Topic: Government & Politics

Legal Deception on Medicare?
(4/8/2004)

WASHINGTON – Bush administration officials insisted Thursday that they acted legally in ordering the nation’s top Medicare cost analyst to keep from lawmakers his estimate that the new Medicare prescription drug benefit might cost more than $100 billion over what Congress was willing to pay.”

So begins Tony Pugh’s story for the Knight Ridder papers about the latest wrinkle in the ongoing controversy between Richard Foster, former chief actuary at the Centers for Medicare and Medicaid Services, and his boss, former Medicare administrator Thomas Scully. [See “Medicare Deception”]

The story goes on to detail Scully’s rationale, which is essentially that there was no legal obligation to give Congress speculative estimates, even though such estimates had been supplied before as a matter of course, and he was within his rights to order Foster withhold it for reasons practical, political, or for any other reason.

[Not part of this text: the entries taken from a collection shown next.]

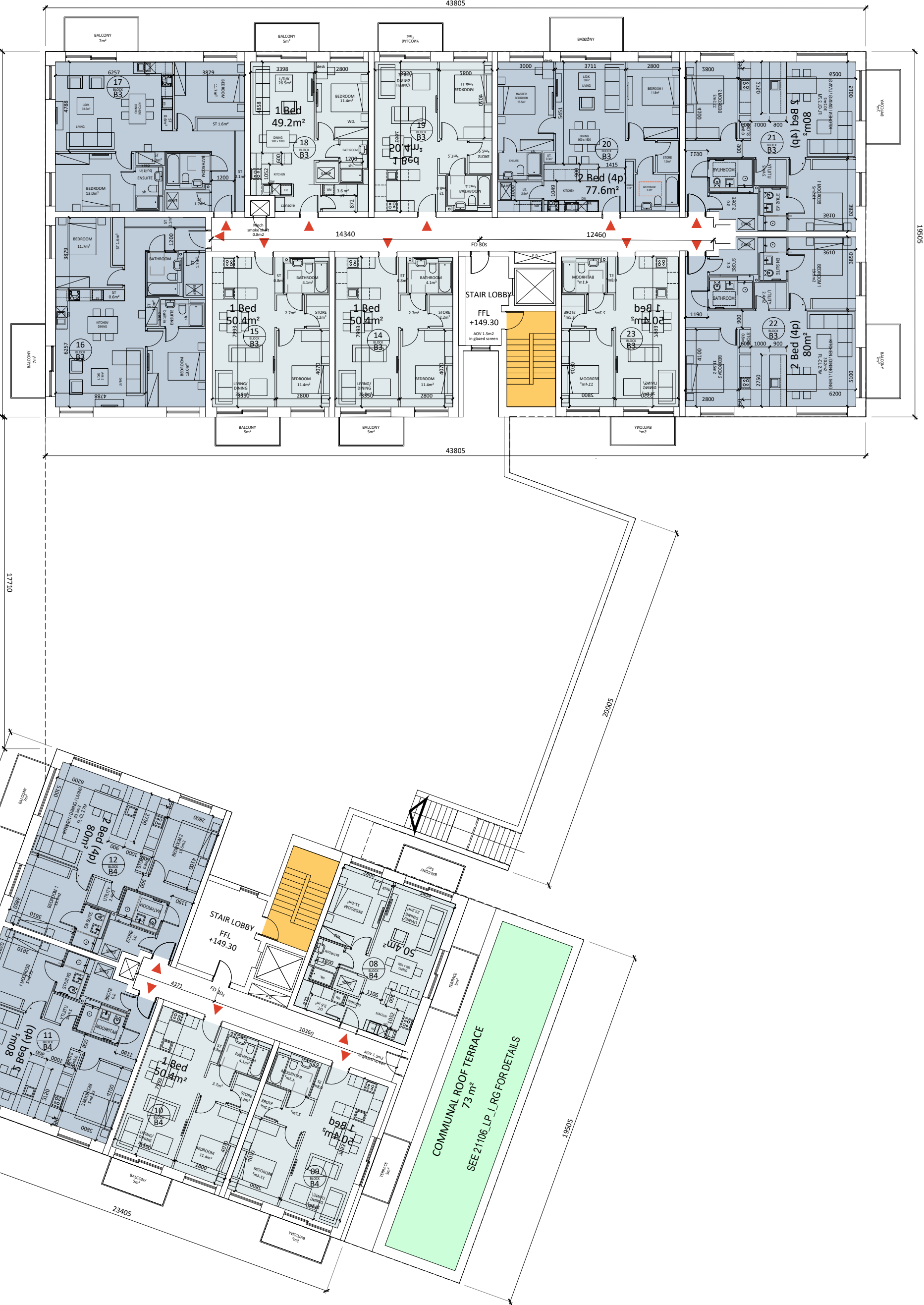
LEVEL 02 (SECOND)
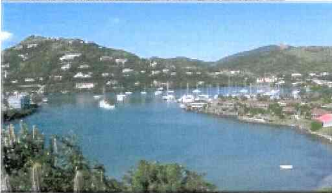
Oyster Pond, photo from http://www.sint-maarten.net/St-Maarten-Beaches/OysterPond.html
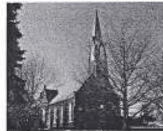
St. Patrick Catholic Church
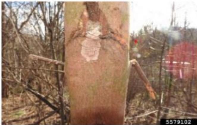
Figure 3: Be on the lookout for the weird looking adults and for the egg masses spackled onto surfaces as seen here. Don't bring home any unwanted hitchhikers and help us by reporting odd sightings!

What does it do? Tree of Heaven (another non-native/invasive species) is the primary host for SLF. However, this pest is also known to feed on over 70 other plant species, including important hosts such as grapes, hops, maple, and black walnut, amongst other hardwoods and fruit crops. SLF is a true bug, part of the order Hemiptera, and they feed using piercing sucking mouthparts. As they feed, they excrete honeydew, a sugary fecal material that accumulates on nearby plants and surfaces and can attract black sooty mold issues. SLF also invades structures in the fall, similar to brown marmorated stink bugs and Asian multicolored lady beetle. Finally, females will lay their eggs on natural and unnatural surfaces alike. While they use trees, the cryptic egg cases have also been found on cars, lawn furniture, firewood, stones, and many other substrates. This causes issues for quarantine and a headache for those that live in infested areas trying to move goods out of the quarantine area.

Fine. There is no law against withholding useful and perhaps decisive information from Congress when it is deliberating on a bill that will effect the welfare of millions of Americans and cost billions of dollars. Mr. Scully, and his bullied and lily-livered subordinate, Mr. Foster, didn’t break any laws.

Bully for them.

Their conduct is a perfect example of how individuals can do more damage being unethical than they would by doing something criminal. The Bush Administration, Congress, the media and the public must not allow this to be the ethical standard applied by our public servants. Whoever decided that it was appropriate to keep from Congress estimates indicating that the Medicare prescription drug benefit could cost over $500 billion in its first ten years, far above the $395 billion figure lawmakers were using, must be held accountable and severely so…it doesn’t matter whether it was Scully, Karl Rove, some other administration strategist or the President himself. This is unacceptable as conduct, and it is unacceptable as a governing philosophy. Accurate sharing of essential information, open and honest, with others in the decision-making process is an ethical duty of everyone involved in policy development and legislation.